Bauminger E R, Cohen S G, Dickson D P, Levy A, Ofer S, Yariv J
Biochim Biophys Acta. 1980 Jun 26;623(2):237-42. doi: 10.1016/0005-2795(80)90252-4.
57Fe Mössbauer spectra of whole frozen Escherichia coli cells and of an iron storage protein isolated from iron-rich cells of E. coli have been measured over a range of temperatures down to 0.08 K. The spectra of E. coli cells with high iron content and of the iron storage protein were found to be very similar. Above 4 K these spectra consist of a quadrupole split doublet characteristic of Fe3+. Below 3.5 K, the spectra display magnetic hyperfine splitting which is temperature dependent, and point to the existence of an ordered magnetic phase associated with a saturation magnetic hyperfine field of 43 tesla in both samples. The results indicate that the bulk of iron in the iron-rich cells is in the form of aggregates similar in nature to the iron cores in the isolated protein, although the latter account for not more than 1% of the total iron in the cells. The Mössbauer spectra of the isolated protein are different from those observed in ferritin, the iron-storage protein of plants and higher animals, showing that the iron cores in these two proteins are different.
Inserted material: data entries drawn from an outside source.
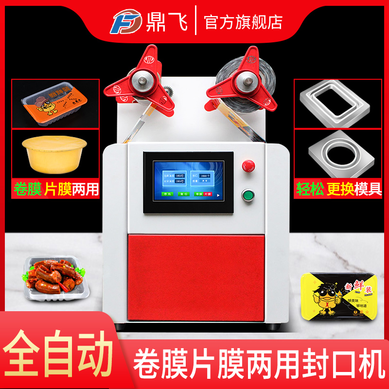 Tripod full automatic freshness preservation box sealing machine commercial duck goods delivery packing box sealing machine plastic case round bowl press film machine aluminum foil dining case sealing machine hand press style roll film hemp hot packing machine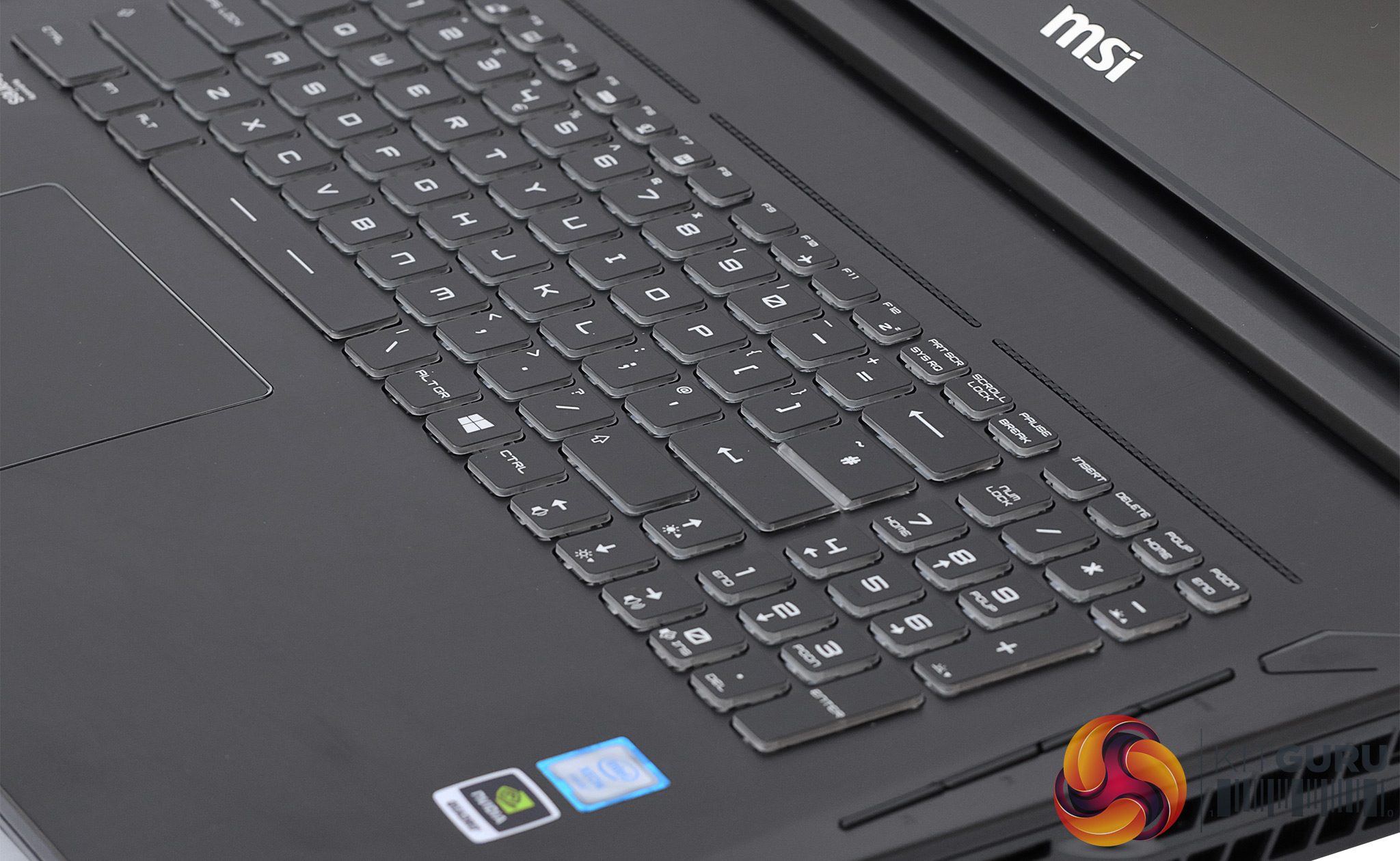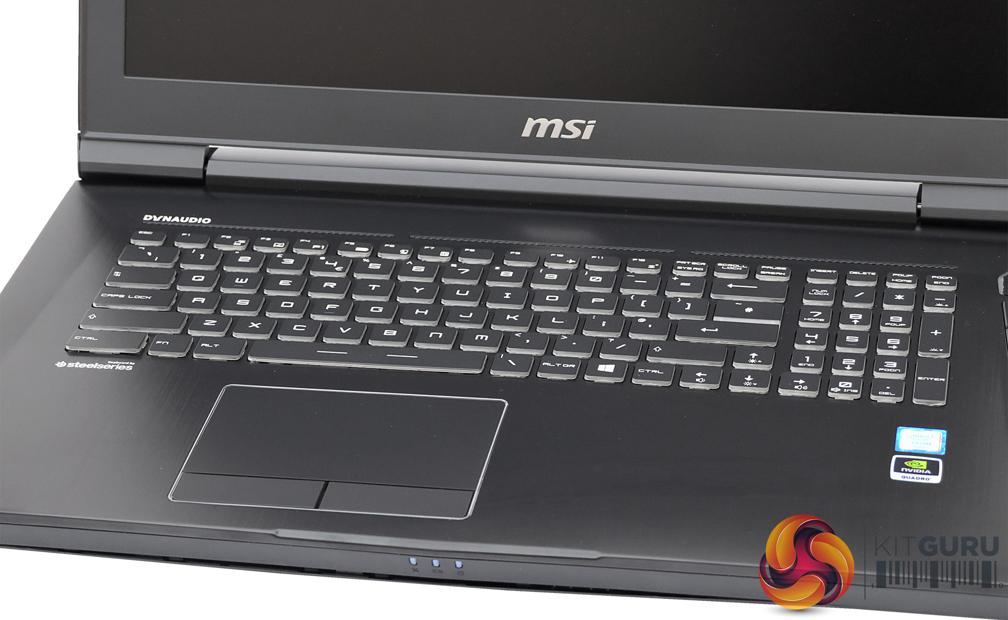 The large chassis means plenty of room for a full-sized keyboard with discrete numeric keypad on the right. The action of the chiclet-style keys is comfortable, and there's loads of space for resting your wrists as you type. The keys sport a blue backlit by default, as does the large trackpad. This has discrete buttons, and is placed directly below the spacebar, minimising the chance of accidental pointer movement caused by the heels of your hands brushing it as you type.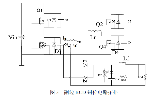 該電路在變壓器原邊增加一個諧振電感和兩個鉗位二級管,消除了輸出整流管上的電壓尖峰和電壓振蕩,從而省去了吸收電路,可以選擇低壓的整流管,該電路的主要缺點是: 1)在原邊電壓為0 時,諧振電感被鉗位二極管短路,其電流保持不變,在電感鉗位二極管和開關管中產生較大的導通損耗; 2)增加了鉗位二極管的電流有效值和關斷損耗; 3)為了防止直流偏磁,一般采用隔直電容與變壓器或諧振電感串聯,但隔直電容上的直流分量會導致變壓器原邊電流或諧振電感電流不對稱,影響變換器的可靠工作。 上述電路的拓撲改進,把諧振電感和變壓器互換位置,使鉗位二極管在一個周期內只導通1 次,降低了鉗位二極管有效值,降低了導通損耗,進一步提高了變換器效率。 2.3 副邊RCD 鉗位電路拓撲 圖2 及其改進拓撲者是在原邊加鉗位二極管。另一種方法是在副邊加鉗位電路。圖3就是一改進的副邊RCD 鉗位電路拓撲,該電路能有效抑制副邊管的電壓過沖,同時導通損耗也較低,主要缺點是吸收電路損耗大,降低了變換器的效率。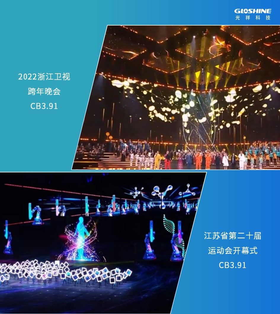 光祥CB系列高清屏以輕薄著稱,常應用于舞臺空中造型,如2021年央視春晚舞臺及2022浙江衛視跨年晚會、江蘇省第20屆運動會等。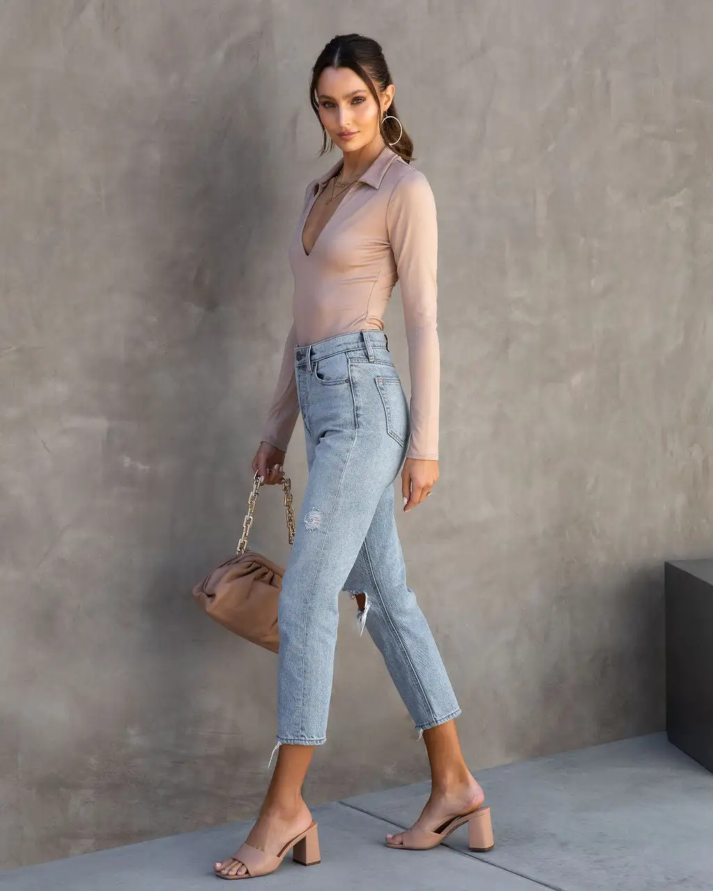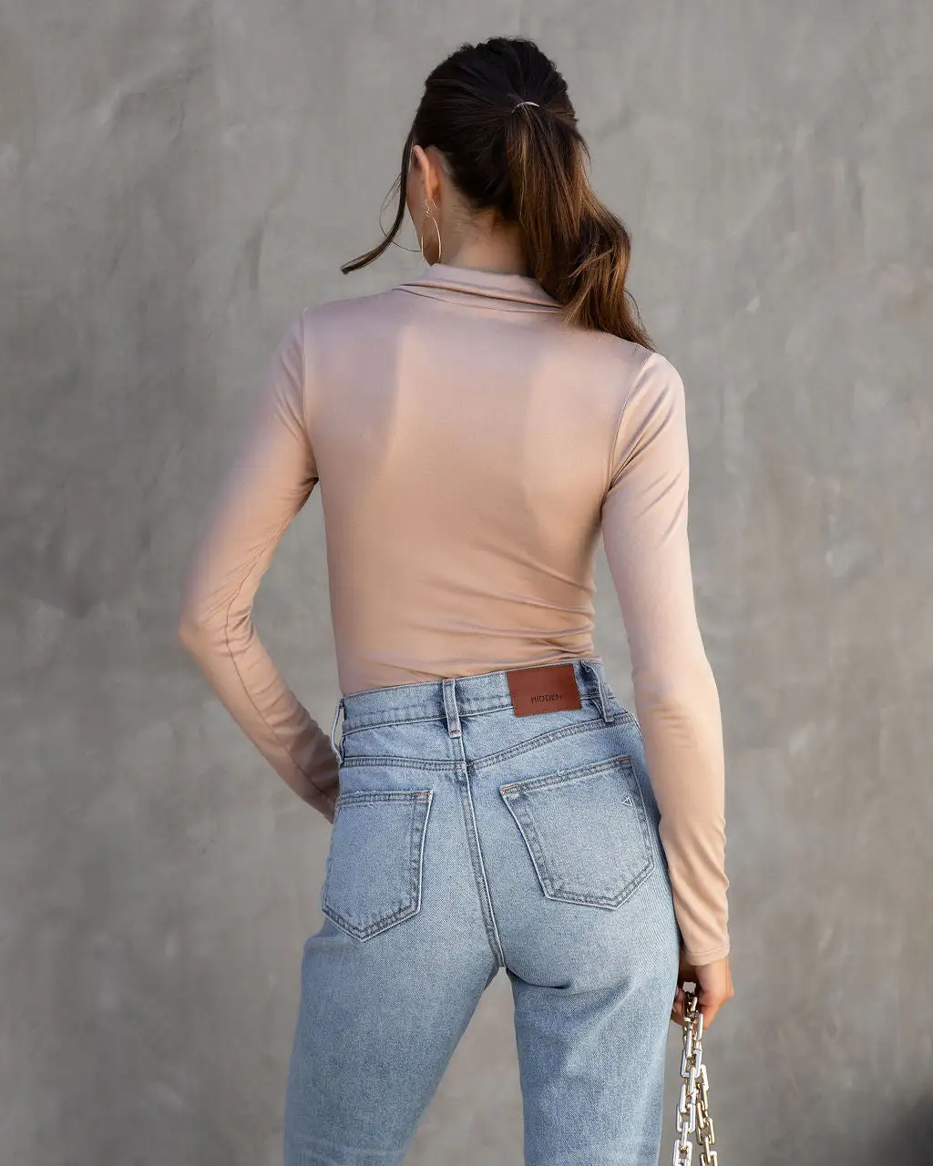 Get ready to take the plunge in the Alessandra Collared Bodysuit in Light Taupe that features a plunging neckline and long sleeve.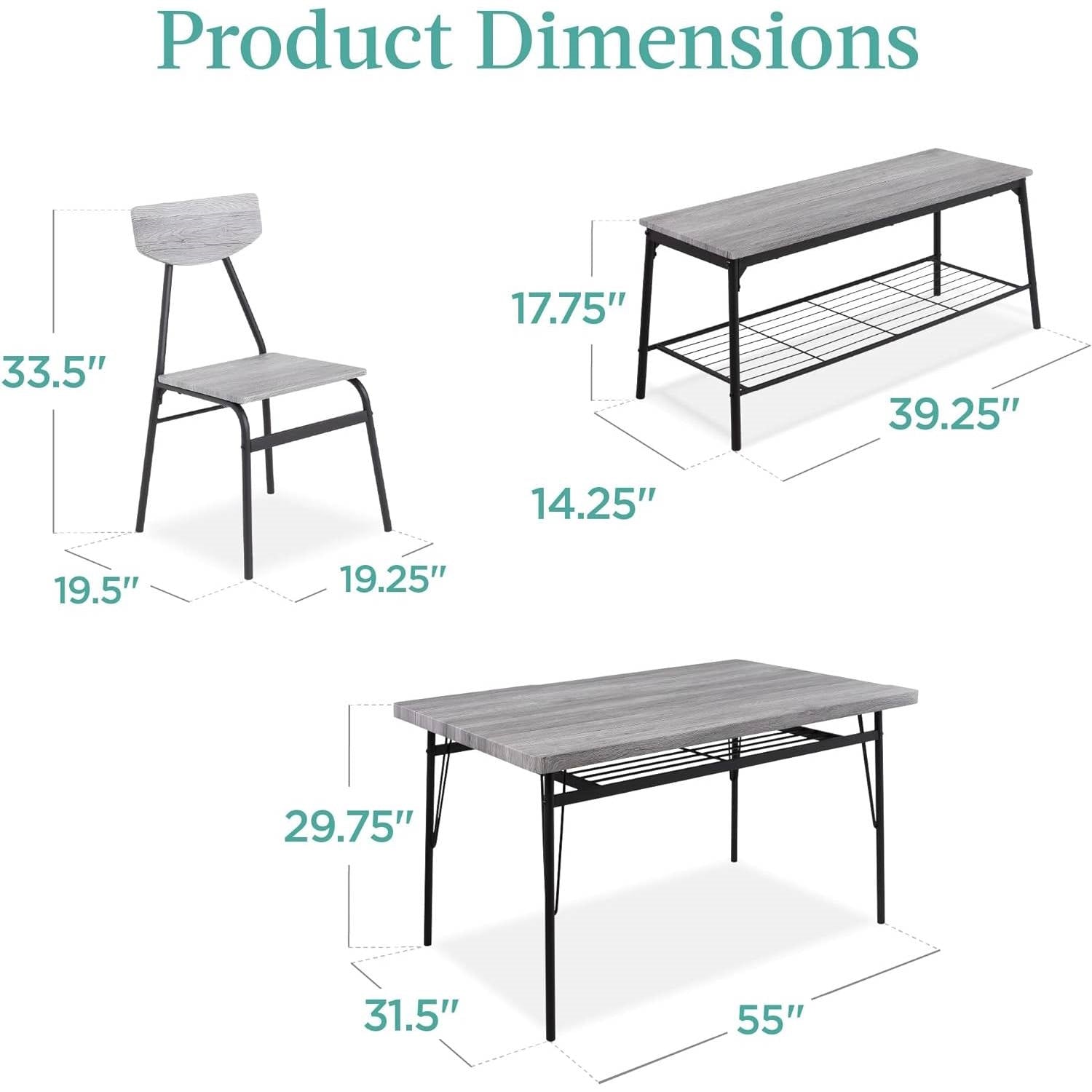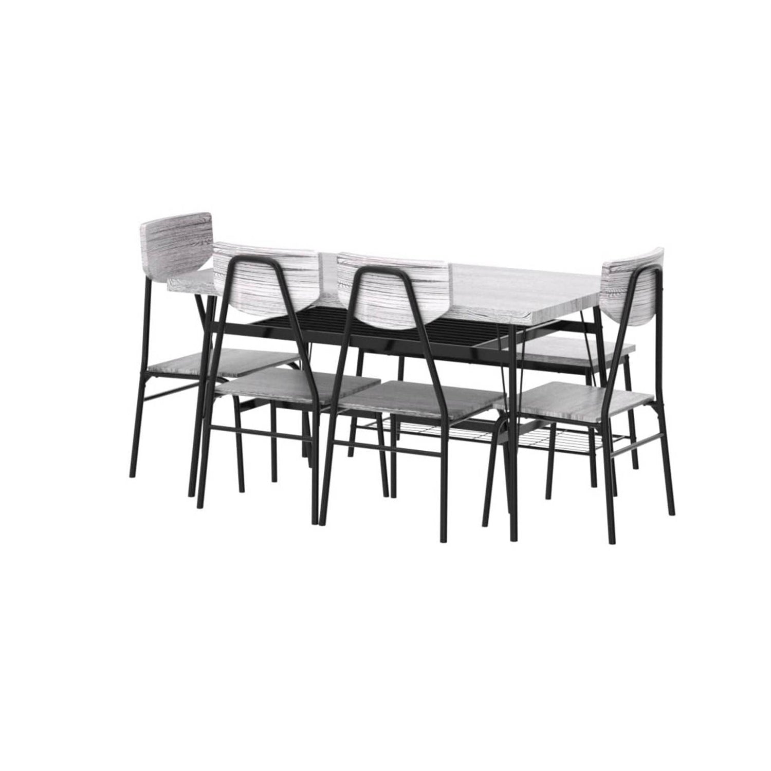- Modern 6-Piece Dining Set with Grey Wood Top Table 4 Chairs and Storage Bench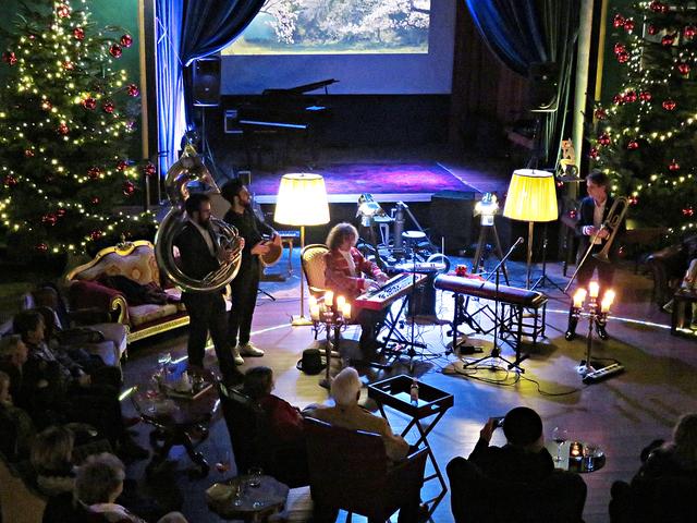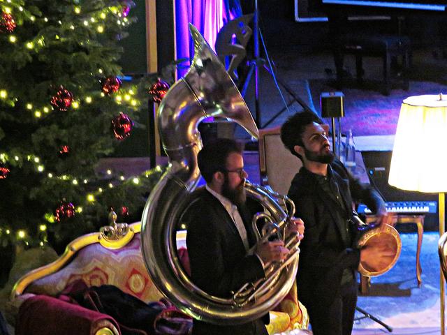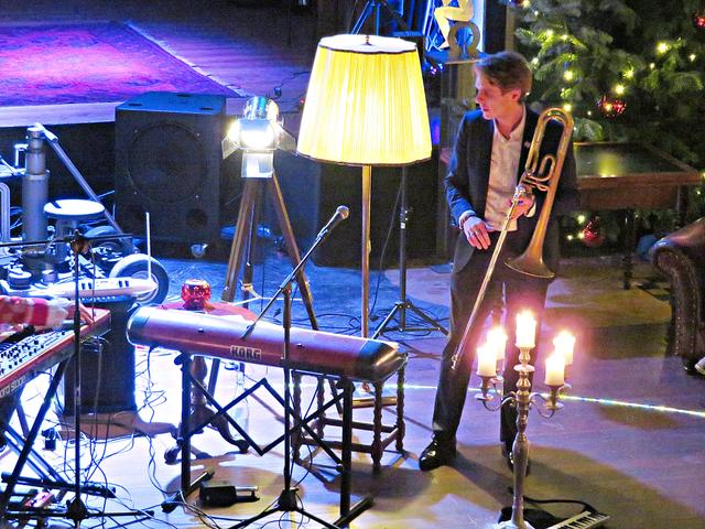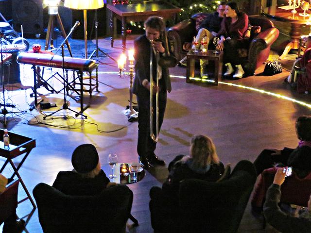 In Bezug auf J. S. Bach verarbeiteten die Beiden in verschiedenen Songs ein kleines Ratespiel für die Zuschauer. Noch einmal betraten die Tangotänzer das Parkett unter dem Beifall des Publikums. Danach stellte sich die Frage „Mozart“ oder „Take Five“? Sie spielten einfach beides zusammen, um danach „Don‘t stop me now“ fortzufahren. Mit den Worten „Seien Sie gut zu sich, seien Sie gut zu der Welt und seien Sie gut zu Ihren Kindern“ wollte sich Vanecek verabschieden, was jedoch durch tosenden Applaus zur zweimaligen Zugabe zwang. Mit Armstrongs „A wonderful world“ und Drafi Deutschers Song „Marmor, Stein und Eisen bricht“ war dann endgültig Schluss. Nein, nicht ganz, denn sein Zwillingsbruder, ebenfalls Musiker und nicht nur bluts- sondern seelenverwandt, Bernhard war in der Zwischenzeit eingetroffen. Ganz spontan holte er seine Posaune aus dem Kasten und gab eine Kostprobe. Zu ihm gesellten sich ebenso spontan Tayfun Ates mit seiner Darbuka und Lukas Nahm mit dem Sousaphone. „Das war alles so nicht geplant“ meinte Vanecek, der eigentlich noch etwas essen gehen wollte. Aber verhungern müsste niemand, versprach Paradiso-Chefin Beatrice d’Angelo, die ihren Mann als begnadeten Koch lobte. Sie bedankte sich noch bei Achim, der für die Elektrik sorgte, bei den höchst zufriedenen Gästen und den Musikern. Diese LUcation ist eine Besondere und deshalb wurde sie auch in Zusammenarbeit mit der Popakademie als Begegnungsstätte zum Abschalten letztes Jahr ausgezeichnet, worauf D‘Angelos sehr stolz seien.

在低至0.08 K的一系列温度范围内,测量了整个冷冻大肠杆菌细胞以及从富含铁的大肠杆菌细胞中分离出的一种铁储存蛋白的57Fe穆斯堡尔谱。发现高铁含量的大肠杆菌细胞和铁储存蛋白的谱非常相似。高于4 K时,这些谱由Fe3+特有的四极分裂双峰组成。低于3.5 K时,谱显示出与温度相关的磁超精细分裂,表明在两个样品中都存在与43特斯拉的饱和磁超精细场相关的有序磁相。结果表明,富含铁的细胞中的大部分铁以与分离出的蛋白质中的铁芯性质相似的聚集体形式存在,尽管后者在细胞总铁中所占比例不超过1%。分离出的蛋白质的穆斯堡尔谱与植物和高等动物的铁储存蛋白铁蛋白中观察到的谱不同,表明这两种蛋白质中的铁芯不同。